Dubai debt default concerns rippled through world markets for a second day on Friday, but the exodus from equities and rush to the safe-haven dollar slowed as investors discounted contagion.
US stocks initially fell more than 2 percent New York, the first day of trading after Dubai on Wednesday said it would ask creditors of two flagship firms, including conglomerate Dubai World, for a standstill on debt payments as part of a restructuring.
The potential magnitude of the event, measured by Dubai World's $59 billion in debt, unhinged markets on concern that the hangover from the credit-driven property boom may hold more harsh surprises for banks.
US and European stocks edged off lows or rose later in trading, however, signaling some investors expected the event would not derail a recovery. Europe actually closed higher while the US ended well off its lows.
"What we've seen is that once the dust settles, some of the markets that were hardest hit have rebounded," said David Katz, chief investment officer at Matrix Asset Advisors in New York. "It's a scare to the markets, but the U.S. has less exposure to Dubai than Middle Eastern and European banks."
The MSCI world equity index fell 0.8 percent after tumbling 1.3 percent to its lowest in 2-1/2 weeks, with the benchmark on track for a second consecutive weekly loss.
The MSCI since October has had trouble extending the rally that began in March as investors have raced to lock in gains ahead of year-end accounting.
The index is still up about 70 percent since early March.
Dubai struggled to ease fears of debt default by saying on Thursday its profitable DP World , which runs 49 ports around the world, would not be involved in the restructuring. DP World, which has $3.25 billion outstanding bonds, is majority owned by Dubai World but has shares listed on NASDAQDubai.
The emirate is a center for investment and a major source of capital for Western markets.
Investor appetite for risky assets bounced from a 23 percent drop on Thursday, with the VDAX-NEW volatility index down 3.3 percent.
The higher the index, which is based on sell and buy options on Frankfurt's top 30 stocks, the lower the market's desire to take risk.
The U.S. market volatility index declined 9 percent from its open, but at 23.61 remained 15 percent above its close on Wednesday.
U.S. markets were closed on Thursday for the Thanksgiving Day holiday.
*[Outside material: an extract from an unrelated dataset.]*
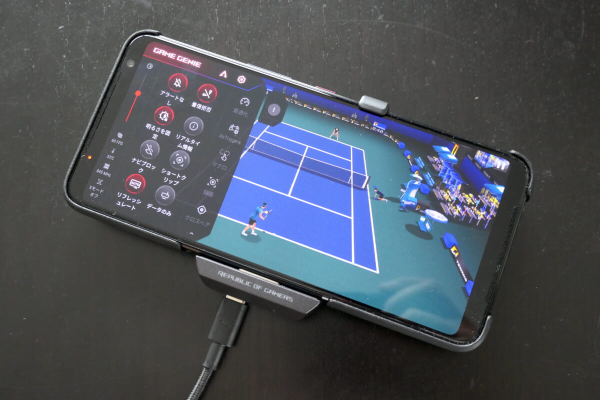 「フリックテニス 3D」というテニスゲームも試してみました。筆者が今までに使ったスマホよりも圧倒的にプレイしやすく、高スコアを狙えるように思えました。タップ&フリックのサーブやレシーブが直感的に行えて、画面が大きいので臨場感もアップしました。ROG Phone 3は、特に横向きで両手でプレイするゲームに適しているように感じます。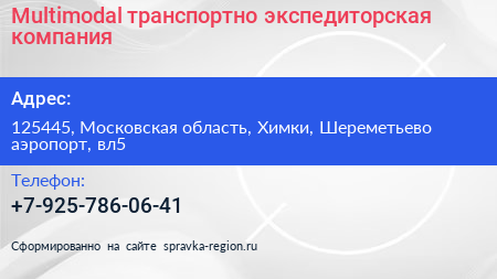 Multimodal, транспортно-экспедиторская компания по адресу 125445, Московская область, Химки, Шереметьево аэропорт, вл5 в дальнейшем Организация, размещена в следующих категориях:

In currencies, the dollar rose as fears of a possible Dubai debt default sent investors into safe havens. The dollar rose against a basket of major currencies , up 0.15 percent at 74.938.spacer
"A combination of systemic risk fears and thin market liquidity due to the U.S. holiday season has proven to be a combustible mix and several currencies or currency blocs are feeling the impact," UBS currency analysts wrote in a note.
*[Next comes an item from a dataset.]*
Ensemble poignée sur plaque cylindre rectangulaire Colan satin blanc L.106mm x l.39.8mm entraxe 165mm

"The wider fallout has simply revealed how fragile both markets and risk appetite still are," they said.
The yen hit a 14-year high against the dollar before retreating when the Bank of Japan stepped close to currency intervention by checking exchange rates with commercial banks.
The dollar climbed 0.34 percent to 86.77 yen, while the euro fell 0.23 percent at $1.4976.
Commodity prices extended previous session's steep losses, with crude oil under pressure. U.S. light sweet crude oil fell $2.66, or 3.41 percent, to $75.30 per barrel. Spot gold fell $18.70, or 1.57 percent, to $1173.90.